Is this something that just happens when we condition on events with probability 0? In general, how do conditional distributions even work in the continous case when we coondition on an event probability 0?

2. ## Re: How can we condition on events with probability 0?

Originally Posted by Jame
We are given that the joint density of X and Y is

$\displaystyle f(x,y) = \begin{cases} & .5 \; \text{if } \; 0 \leq x \leq .5 \; \;\text{and}\; 0 \leq y \leq .5 \\ & 1.25 \; \text{if } \; 0 \leq x \leq .5 \; \;\text{and}\; .5 \leq y \leq 1 \\ & 1.5 \; \text{if} \; .5 \leq x \leq 1 \; \;\text{and}\; 0 \leq y \leq .5 \\ & .75 \; \text{if} \; .5 \leq x \leq 1 \; \;\text{and}\; .5 \leq y \leq 1 \\ \end{cases}$

And are asked to find the conditional distribution of Y given X = .75

the numerator $\displaystyle f(.75,y)$ is
1.5 if $\displaystyle 0 \leq y \leq 5$
.75 if $\displaystyle .5 \leq y \leq 1$

The thing that troubles me is calculating the marginal density of X at .75
$\displaystyle f_x(.75) = \int_{0}^{.5} 1.5 \;\text{d}y \;+\; \int_{.5}^{1} .75 \;\text{d}y \; = 1.125$

We have the event X=.75, which should have probability 0, but when we calculate it's marginal density at .75 we get a non zero number which is (even worse) greater than 1.
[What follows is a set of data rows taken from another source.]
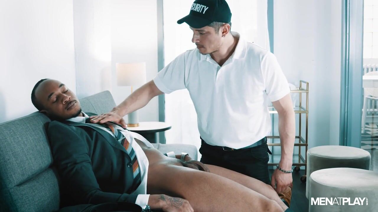 It's now Saturday morning and Rocky Vallarta, the security guard of the office, enters into the office of the boss during his tour. It seems that the boss has had a long night of work and he finds him deeply asleep on the couch. He notices an obvious bulge and a dildo nearby. Should he wake him up? Or should he have a quick feeling? Rocky didn't hesitate - he went directly to the swollen penis of Trent and sucked it slowly without waking him up. However, as careful as he was, the boss ended up coming out of his sleep and turned over quickly Rocky while undressing him and kissing his smooth and tight ass.
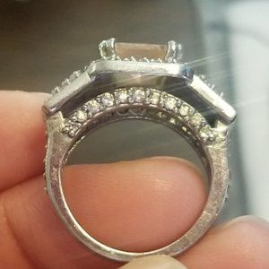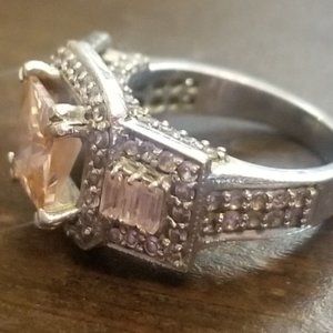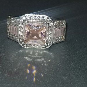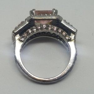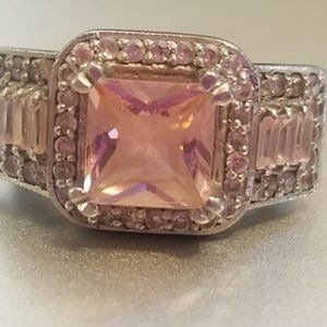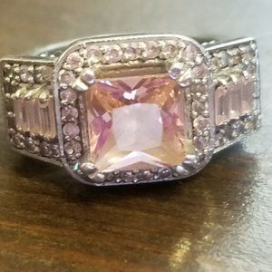 Vintage pink and white cz wedding/ engagement ring, size 3.75.
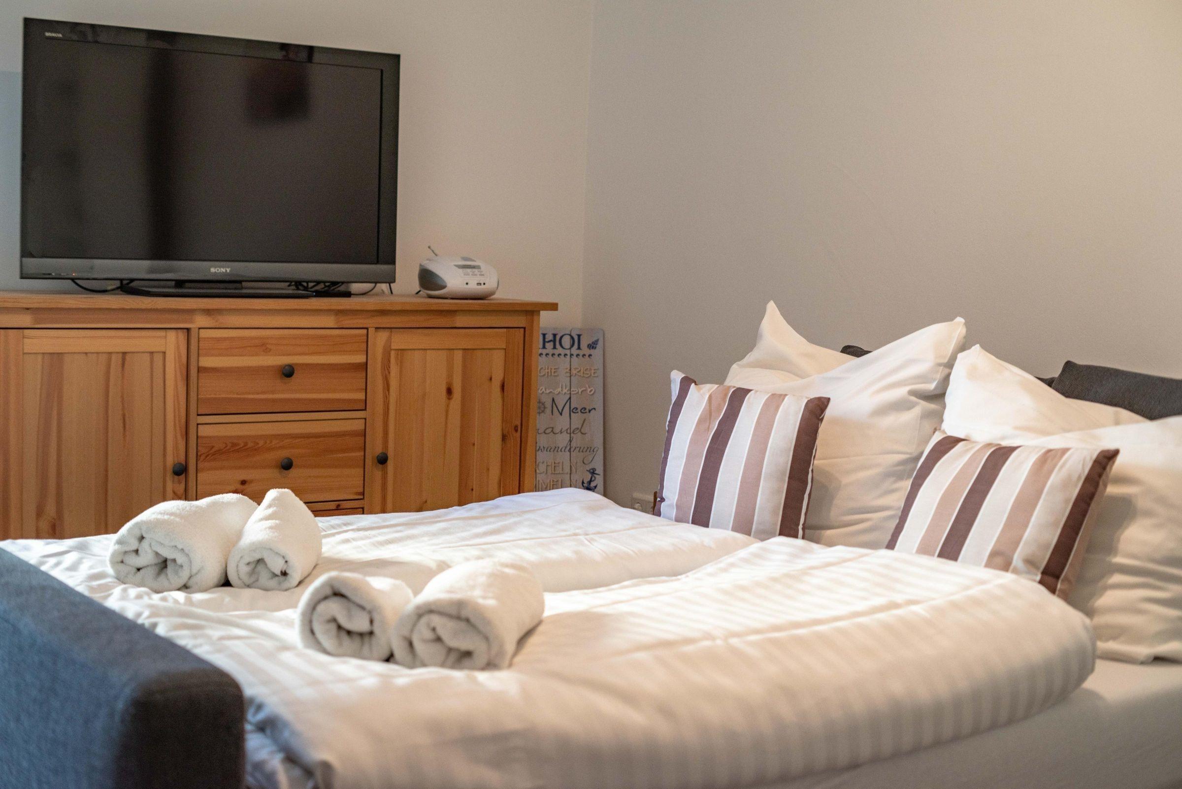 Die gemütliche Ferienwohnung für 2 Personen im Lotsenviertel bietet eine freundliche und moderne Ausstattung. Die Wohnung umfasst ein separates Schlafzimmer und ein einladendes Wohnzimmer, das mit einer Schlafcouch ausgestattet ist. Die umfangreich ausgestattete Einbauküche verfügt über ein Ceran-Kochfeld und ermöglicht eine angenehme Zubereitung von Mahlzeiten.
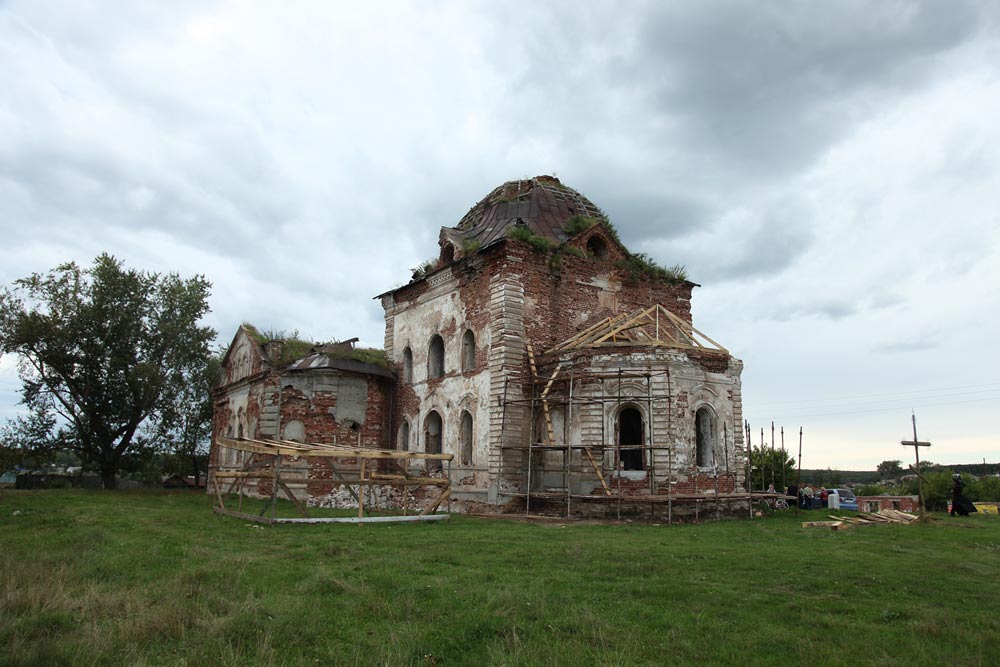 Несколько лет назад в селе был зарегистрирован приход в честь Вознесения Господня. Селяне стали собираться на совместную молитву в местной библиотеке. А прошлым летом на приходском совещании решили, что хватит им сидеть без храма. Собрались всем селом на субботник: скосили траву вокруг храма, вычистили мусор, грязь и коровьи лепешки, выровняли пол, заколотили проходы от местного скота, поставили двери. Работали весь май, июнь и начало июля. Говорят, ни один двор не остался в стороне. Вышли все от мала до велика, даже самые пожилые жители села.

Is this something that just happens when we condition on events with probability 0? In general, how do conditional distributions even work in the continous case when we coondition on an event probability 0?
It is a density. The probability of being in the interval [x-dx/2,x+dx/2] is approximately f(x)dx and it goes to zero as dx goes to zero. Which is what you want, the probability of x is zero, but the density is non-zero.

The requirement for being a density is that its integral over the relevant space be 1, it does not itself have to be less than 1.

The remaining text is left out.